Your Car’s Cyber Security Stinks
Yes, that is basically the summary of a Network World Article on the subject.
In a high end car there are hundreds of computers and millions of lines of software. Gone are the days when you car was a big hunk of machined metal.
Now your car is a super computer network on wheels.
The patch that BMW released a couple of weeks ago and the hacking demo of the Tesla that opened the car’s doors while it was driving down the highway (see CNN article) are but two very public demonstrations of the vulnerabilities in today’s cars.
While some car owners have claimed that their cars have done very strange things while they were driving them, for the most case, the government and automakers have not been able to recreate them. That doesn’t mean that the issues aren’t real.
Sen. Edward Markey (D-Mass) commissioned a study, the conclusion of which is that there is a
“clear lack of appropriate security measures to protect drivers against hackers who may be able to take control of a vehicle or against those who may wish to collect and use personal driver information.”
Some of the trends in Markey’s study include:
- Nearly 100% of vehicles on the market include wireless technologies that could pose vulnerabilities to hacking or privacy intrusions.
- Most automobile manufacturers were unaware of or unable to report on past hacking incidents.
- Security measures to prevent remote access to vehicle electronics are inconsistent and haphazard across the different manufacturers.
- These manufacturers collect an incredible amount of information about you and your driving practices over wireless networks, usually with no security and always with no rules regarding what they collect, how they use and and if they inform the consumer about their practices.

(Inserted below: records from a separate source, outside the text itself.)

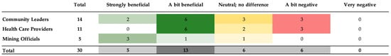 Mining officials assessed their impact on the delivery of health services mostly as strongly beneficial (n = 3), as shown in Figure 4. Also, more than half of community leaders (n = 8) and healthcare providers (n = 6) perceived impacts to be positive. In total, it can be observed that 18 of 30 respondents perceived rather positive effects on healthcare delivery coming from mining, while only 6 of 30 respondents perceived negative effects. However, it must be noted that certain community leaders had difficulties answering the questions on the mining operations’ impacts on healthcare delivery. They stated that they were unaware of the ongoings at the health centers or who were the benefactors of certain donations. Probably due to similar reasons, community leaders’ statements sometimes contradicted those of the healthcare providers. For instance, one community leader said there was no higher workload at the community health center, whereas a healthcare provider said the opposite.
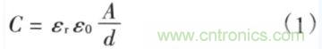 式(1)显示,减小电容器极板之间的距离(d)和增加极板的截面积(A)将增加电容器的电容量。电容通常存在等效串联电阻(ESR)和等效串联电感(ESL)二个寄生参数。
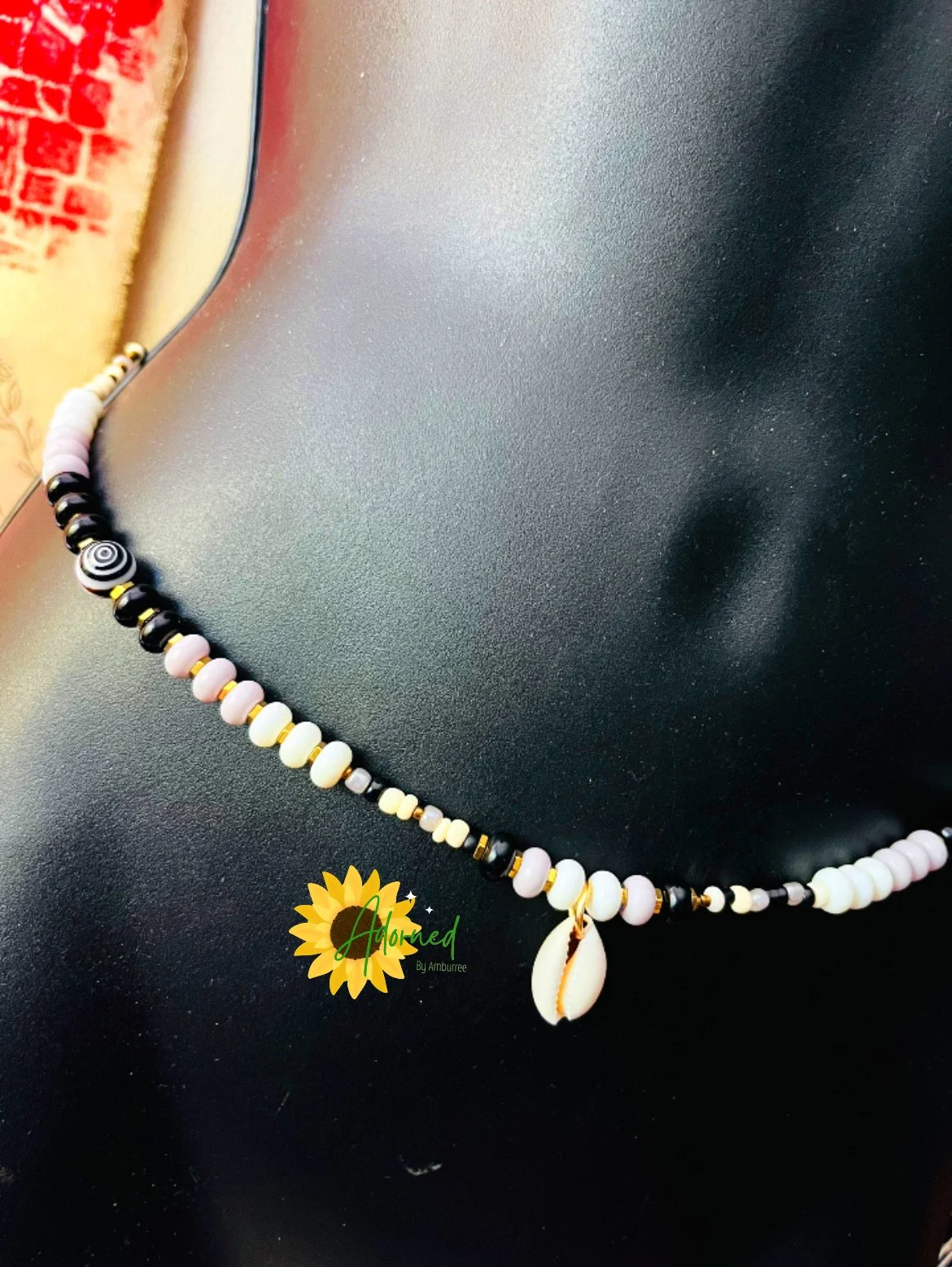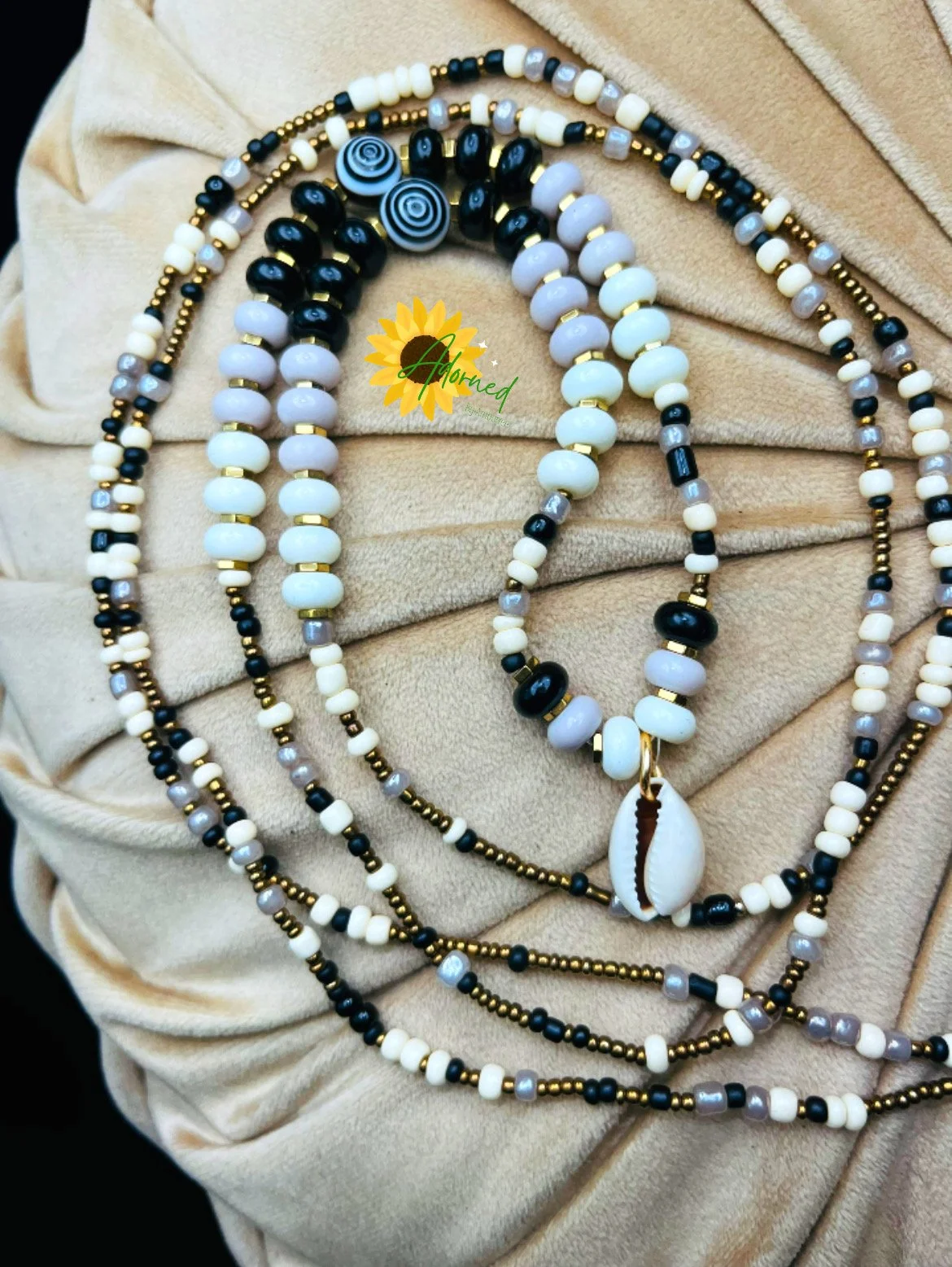 This 60” waist bead honors the sacred tides that carry ancestral wisdom through you. At its center rests a cowrie shell—a symbol of wealth, divine femininity, and spiritual connection—flowing like an offering from ocean to womb.

- Only two automobile manufacturers were able to describe any capabilities to diagnose or meaningfully respond to an infiltration in real-time, and most said they rely on technologies that cannot be used for this purpose at all.
The last bullet is the most concerning. Only two out of twenty manufacturers were able to detect and respond to hacks in real time (of the 20, 4 did not even respond to the Senator’s request for information). If your computer is hacked and it takes Microsoft 6 months to come up with a patch, you may have your bank account drained or your data erased, but if your car is hacked, you may crash into a tree at 60 miles an hour and be killed.
While no one is suggesting that this is happening today, the use of software in cars is growing geometrically and no one is really doing very much about the security. Some of the demonstrations have used a laptop connected physically to the car (which a hacker could do with advance planning). One even used an infected CD in the CD player.
What is clear is that, as Tom Cruise said many years ago in a different context, this is a target rich environment.
The automobile industry is beginning to work on voluntary activities regarding both safety and privacy, but none of those activities are mandatory. If you read Sen. Markey’s study, you will see that for many of the questions asked, the manufacturers either refused to answer or gave vague platitudes. Other questions were answered with answers that had little to do with the question asked.
Given that right now the hackers have their hands full stealing our credit cards, healthcare records and other personal information, it may take a few years before they figure out how to monetize hacking your car, but fear not – they will. Just like hackers nuked Sony into the stone age or, on a small scale, cryptolocker encrypts your personal computer in exchange for ransom, what if hackers nuked your car. You have it towed to the dealer and they say they have no idea. For the most part, dealers do not have the technology to reprogram most of your car’s computers in the field, which means that they would want to replace those computers, costing you hundreds to thousands of dollars. Even if it is under warranty, would the manufacturer cover that cost or say that this is not a manufacturing defect. For sure, the lawyers would get rich.